Worldwide demand for manufactured goods collapsed under COVID-19 restrictions, but bulk commodities were unfazed
Grain is saving the railways’ bacon.
While demand for other commodities slumps and throws the business plans of Canada’s two national railways into disorder, hauling large volumes of crops has allowed the railways to record not-bad results, despite the pandemic.
“Our strong bulk franchise, which included record movements for Canadian grain and potash in the first half of the year, help to offset some of the declines we experienced in other lines of business,” said Canadian Pacific Railway president and chief executive officer Keith Creel in announcing his company’s April-June (second quarter 2020) results.
“The CP family of railroaders has achieved these results during some of the most challenging conditions the world has experienced in recent memory.”
Many farmers have been surprised to see grain flowing out of Western Canada not only in a mostly uninterrupted manner regardless of the COVID-19 pandemic, but probably also at a better than previously expected rate.
CP’s gross grain shipments increased eight percent and increased by five percent in terms of number of grain cars shipped compared to the same quarter last year. Potash shipments increased too as international sales demand stayed strong, as other commodities weakened.
Canadian National Railway saw similar results, with a small slip in grain and potash shipments, but major slumps in automotive, container and metals shipments.
That caused what CN CEO Jean-Jacques Rouest described as the “toughest quarter of his career,” but one that highlighted the strength of the company’s diversification across commodities and industrial products.
While worldwide demand for manufactured goods collapsed under COVID-19 restrictions, the world of bulk commodity trading mostly went on.
That has so far allowed crop farmers to skip through the pandemic with little obvious impacts on their ability to move crops or receive prices close to pre-pandemic levels.
Indeed, November canola futures prices are now above where they were in the early stages of the pandemic, and well above the $470 per tonne trough they hit in the spring.
November soybean futures are a few percent lower than pre-pandemic.
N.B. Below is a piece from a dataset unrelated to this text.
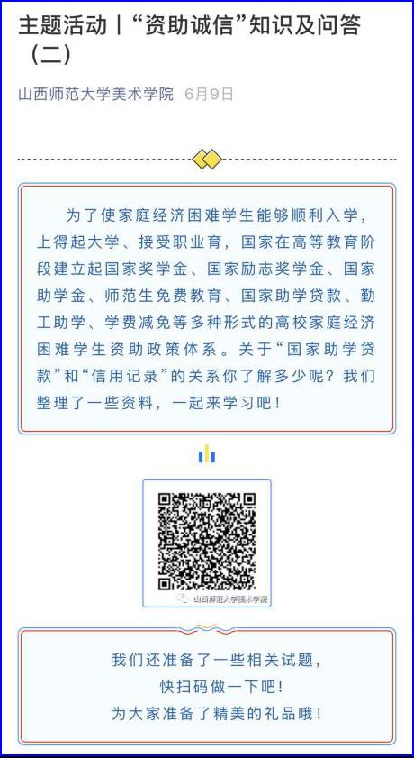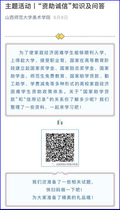面向全院分四期开展了线上诚信教育知识及金融安全知识竞赛,通过制作H5页面在学院公众号推送普及相关征信金融知识,知识竞赛采用积分赛制,题目来源于国家助学贷款相关文件、防止诈骗应知应会知识等。活动的开展让同学们在回答问题的同时,巩固、学习有关助学贷款和金融安全的政策知识,培养了同人动漫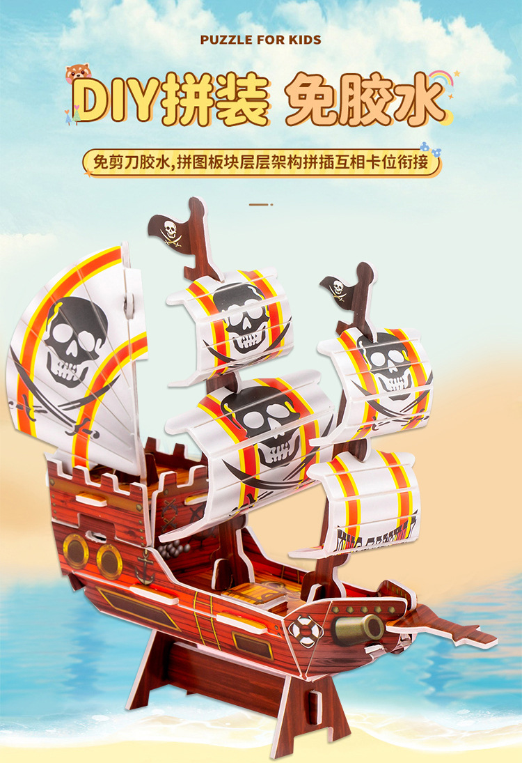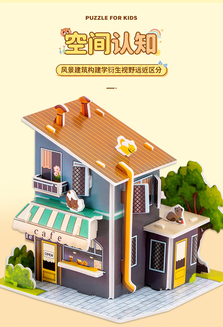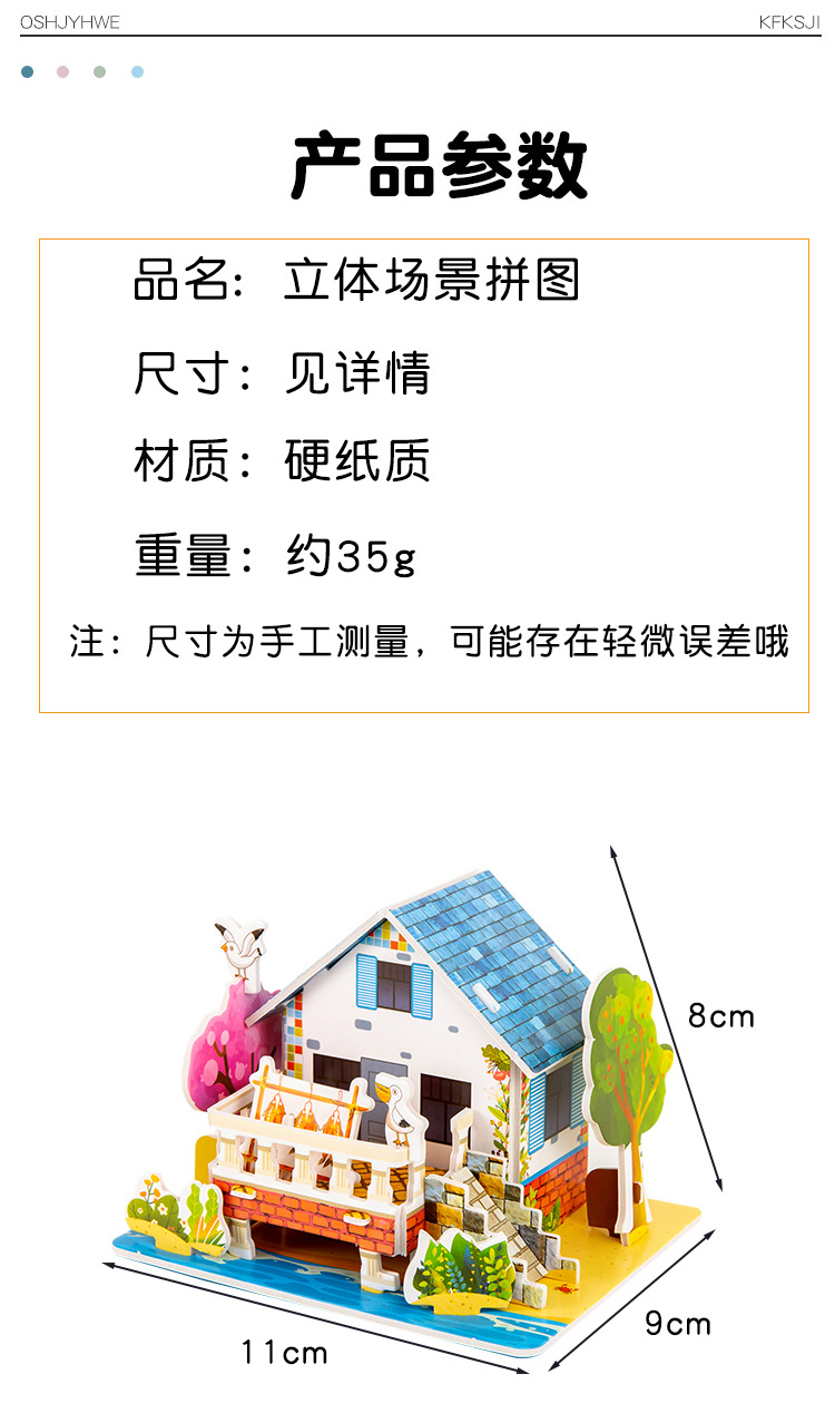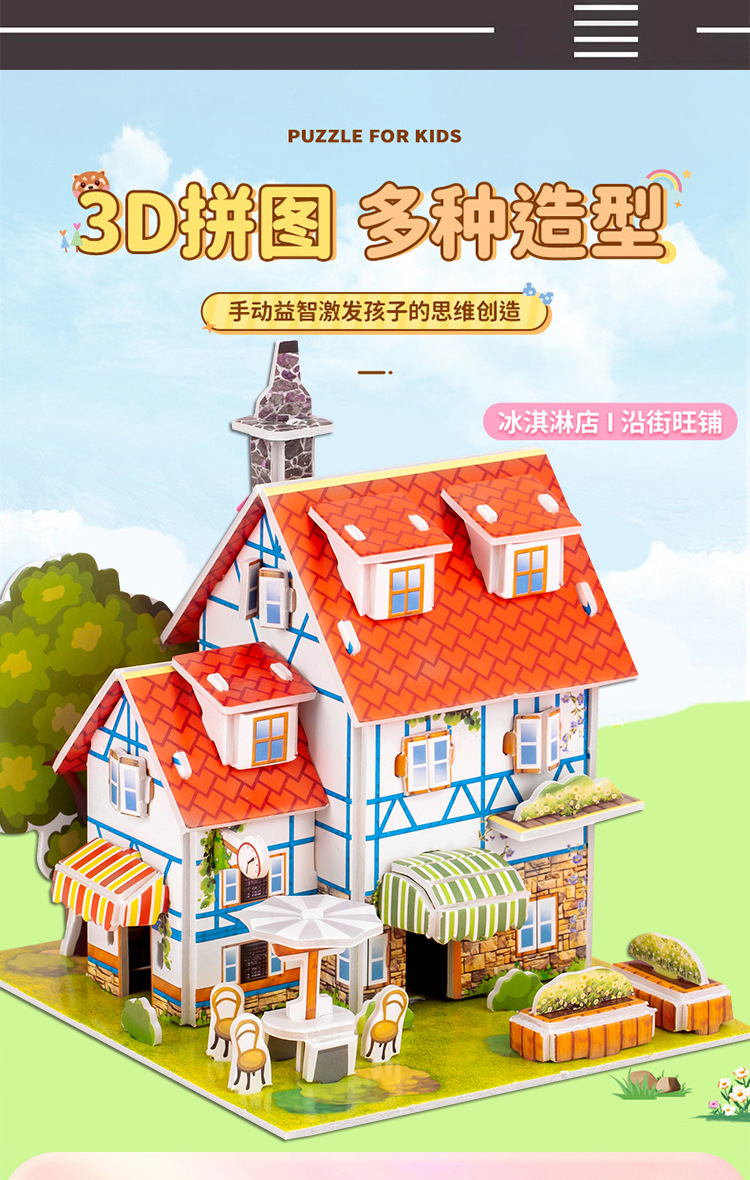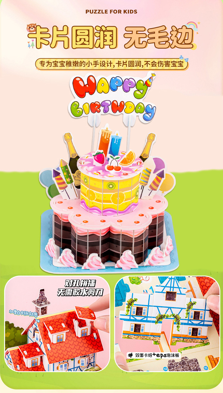 儿童节幼儿园礼品益智卡手工纸质3D立体拼图玩具飞船城堡别墅模型

Both the weakening of soybean prices and the strengthening of canola prices can be mostly explained by the impact of foreign exchange swings since the pandemic began, with the United States dollar rising, pushing down the per-greenback value of soybeans, and the Canadian dollar falling, which raises the per-loonie value of the crop.
In other words, despite the global medical and economic crisis, crops are mostly unchanged in value, both in terms of price and demand.
Canada’s railways didn’t have a good quarter and farmers won’t be celebrating the continuation of weak crop prices, but compared to what’s happening to businesses, industries and economies elsewhere in 2020, things didn’t appear to be too bad.